2. Enter the following values in their corresponding text boxes on the Enter data to predict dialogue box:
LOCATION: Houston, TX
GINIINDEX: 0.4802
POP2014: 2239558
LANDAREA: 599.6
POPULTREND: 6.63
POPDENSITY: 3735
3. Click the at the bottom of the Enter data to predict dialogue box.
Notice a status bar at the bottom of the page is displayed indicating the web service call is being made.
Once the web service call is complete, the status bar will have a green checkmark next to the web service name along with the returned prediction from the API.
4. Click DETAILS on the status bar.
The status bar will expand to show the entire result body that was returned from the API including the cluster number.
5. Click CLOSE on the status bar to return to the web service dashboard.
6. Sign out of your workspace by clicking the profile picture at the top right of the page and selecting Sign Out from the displayed menu.
**Conclusion**
This concludes the Deploying a Predictive Model with Azure Machine Learning lab.
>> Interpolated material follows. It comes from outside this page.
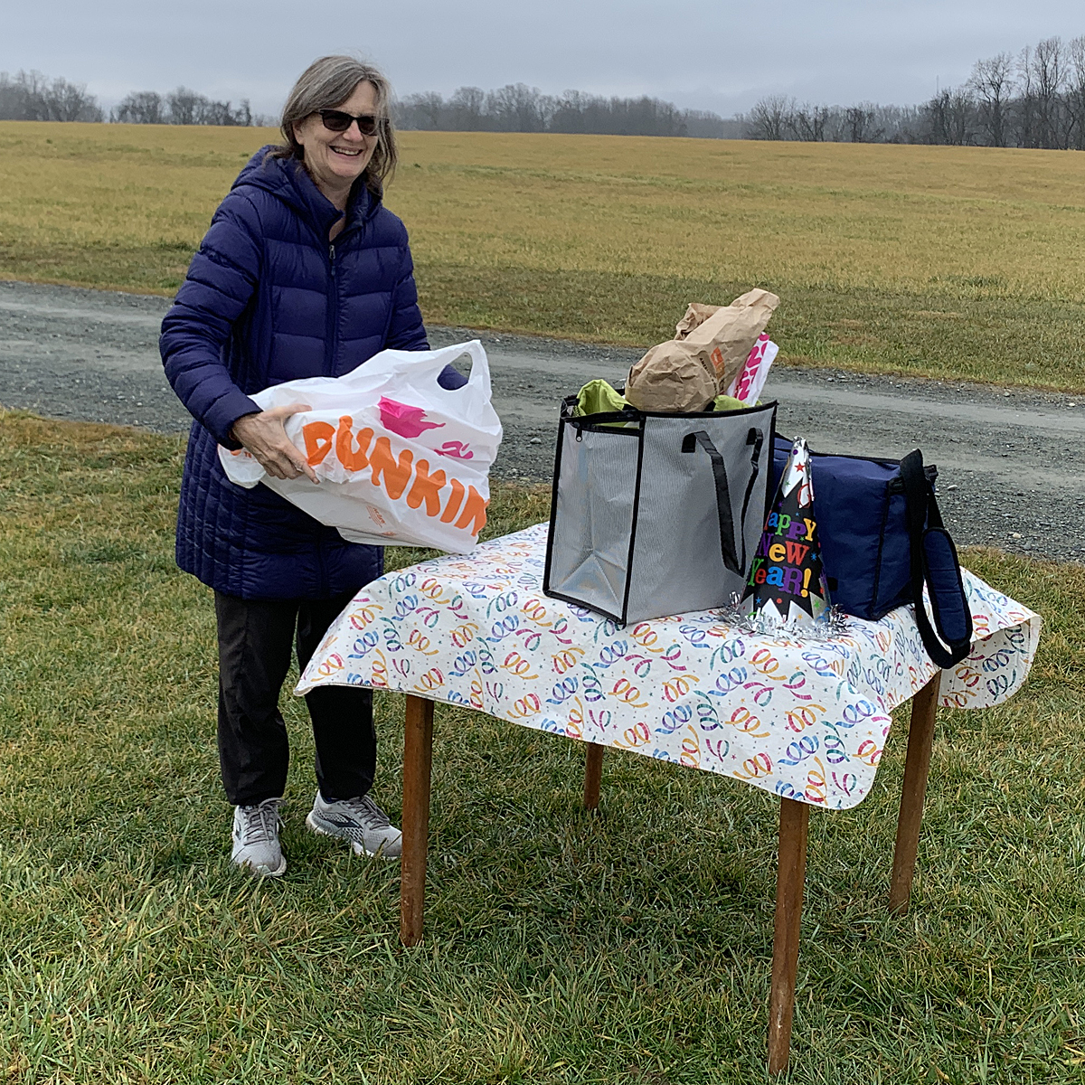 While the runners and walkers were out on the course, Karen Rose busily prepared the refreshments table so donuts, coffee, and hot chocolate would be ready for the tired finishers.

To recap, you have successfully copied an experiment from the Azure Machine Learning Gallery into ML Studio, created a scoring experiment, deployed a model as a web service, and interacted with the API via the included web interface.
Now that you have a deployed web service, you can use the provided web UI or the provided Excel Worksheet to predict with new data. You can also create custom applications and data flows that access the API for automated prediction.
To answer our earlier question of where to open your next restaurant location, you would start by downloading the cluster assignments into a tool like Excel to try to label the type of city-market each cluster represents. Then you could take those cluster labels and compare them to your restaurant locations that have done well in the past. This would give you a list of prime city-markets for future restaurant locations.